How to add metadata to your page
In order for your page to rank well in search engine search results, a search engine like Google (or Memorial's own search bar) needs to know what your page is about.
Filling in the "metadata" fields for every page you create is a simple, quick, and effective way to tell search engines what your page is about. Every page on your website has a "metadata" section.
To fill in the metadata fields for a page, go to your site structure view and click on the page you want to add metadata to:
Click the "more tab" and then choose "metadata."
You will now see all the metadata fields you can fill in for your page, including "description" and "keywords." These are the most important.
The key fields here are description and keywords.
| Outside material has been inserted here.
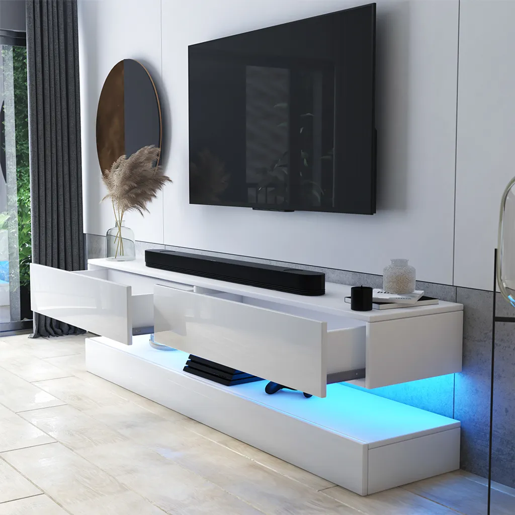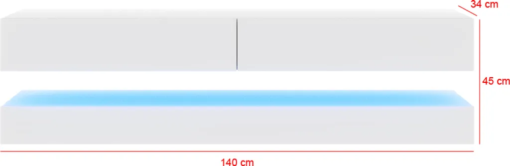 HYLIA ist eine Komposition aus zwei separaten, übereinander hängenden Fernsehschränken mit zwei geräumigen Schubladen im oberen Teil. Die beiden Schubladen nehmen jede Menge auf – sie geben Ihnen auch die Möglichkeit, Ihr Zubehör staubsicher und übersichtlich aufzubewahren. Auf das Hängeboard kommt dann Ihr Fernseher und TV-Geräte. Dank dem schwebenden Eindruck wirkt das Gesamtbild erstaunlich leicht und luftig.

Metadata description field
Your metadata description is very important. While it doesn't have a direct impact on your SEO rankings, it allows you to 100% control the public-facing description of your page as it appears in search engine results. Its purpose is convince someone using a search engine that your page is what they're looking for.
If you do not fill in your metadata description, a search engine will either omit a page description or grab a line from your page at random (generally the opening line of your page, which does not serve as a good or coherent description of your page). By filling in your metadata description you can ensure the search engine result preview of your page will be useful and convincing.
Tips for a good metadata description
- Keep your description under 150 characters to ensure it isn't clipped off. Also, if it is too lengthy, Google may override it and not use it.
- It should be one clear, short line. When looking through search engine results, no one has time to read long page descriptions.
- It should be convincing. This is your one shot to make someone choose your search engine result over the dozens of others they have to choose from.
- Stand out. If there's something that distinguishes you from similar search results (competitors), put it here.
- Calls to action tend to perform well as metadata descriptions.
- Try to use a primary keyword in your metadata description, because it would be ideal if whatever words someone has searched for happen to appear in your metadata description.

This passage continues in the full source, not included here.